M&A, due diligence & investor research
Private equity, family offices, search funds and corporate development teams use DCA data when underwriting California acquisitions:
- Roll-up sourcing — every dental practice, every CPA firm, every Class B GC by county becomes a structured target list.
- Pre-LOI verification — confirm the target's listed principals actually hold the licenses they claim.
- Continuity diligence — for healthcare or contractor targets, check the responsible practitioner / qualifier has a clean status.
- Market-sizing models — count active licensees by category to back into TAM for a SaaS thesis.
- Post-close monitoring — watch the portfolio company's roster monthly for status drift.

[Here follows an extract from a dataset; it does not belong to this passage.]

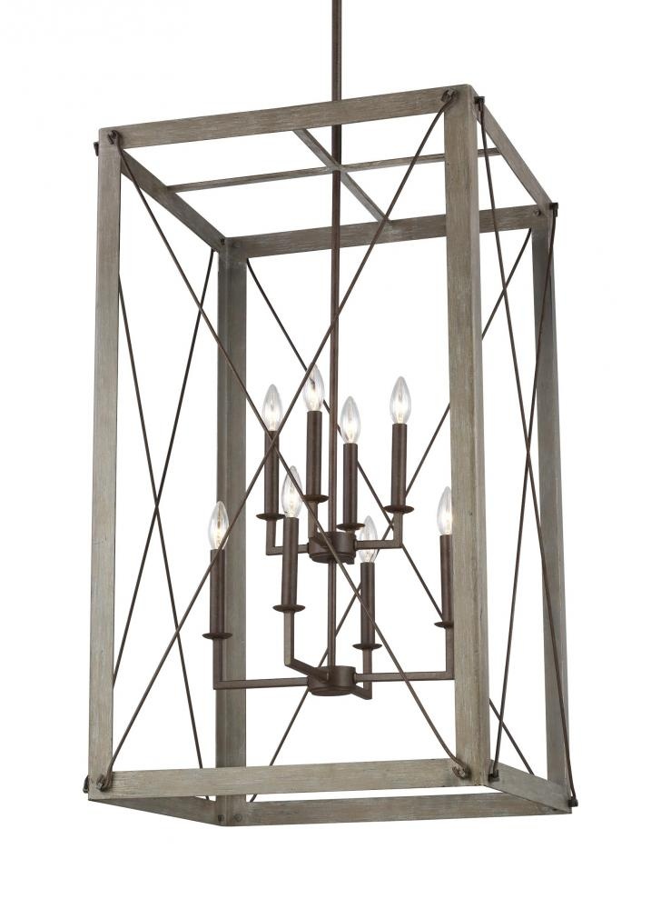The Thornwood eight light indoor pendant in washed pine exudes authenticity, combining the tactile with the time-worn. Perfect proportions and honest functionality complete the package. The Thornwood lighting collection offers three-light, four-light and eight-like chandeliers, an eight-light linear, four-light foyer chandelier, and a two-light wall sconce. The two-light wall sconce is Damp Rated. Available in Washed Pine and a Weathered Iron Finish.

Recruiting, sales-ops & talent sourcing
Recruiting platforms and outbound sales-ops teams use the dataset as a structured CA "people directory" for licensed professions:
- Build candidate pipelines for CPA firms, hospital systems, dental DSOs, contractor roll-ups and law-adjacent (court reporter) businesses.
- Match LinkedIn profiles against authoritative license data for outreach trust signals.
- Enrich ATS records with current credential status.
- Identify newly licensed professionals as warm leads for first-job recruiting.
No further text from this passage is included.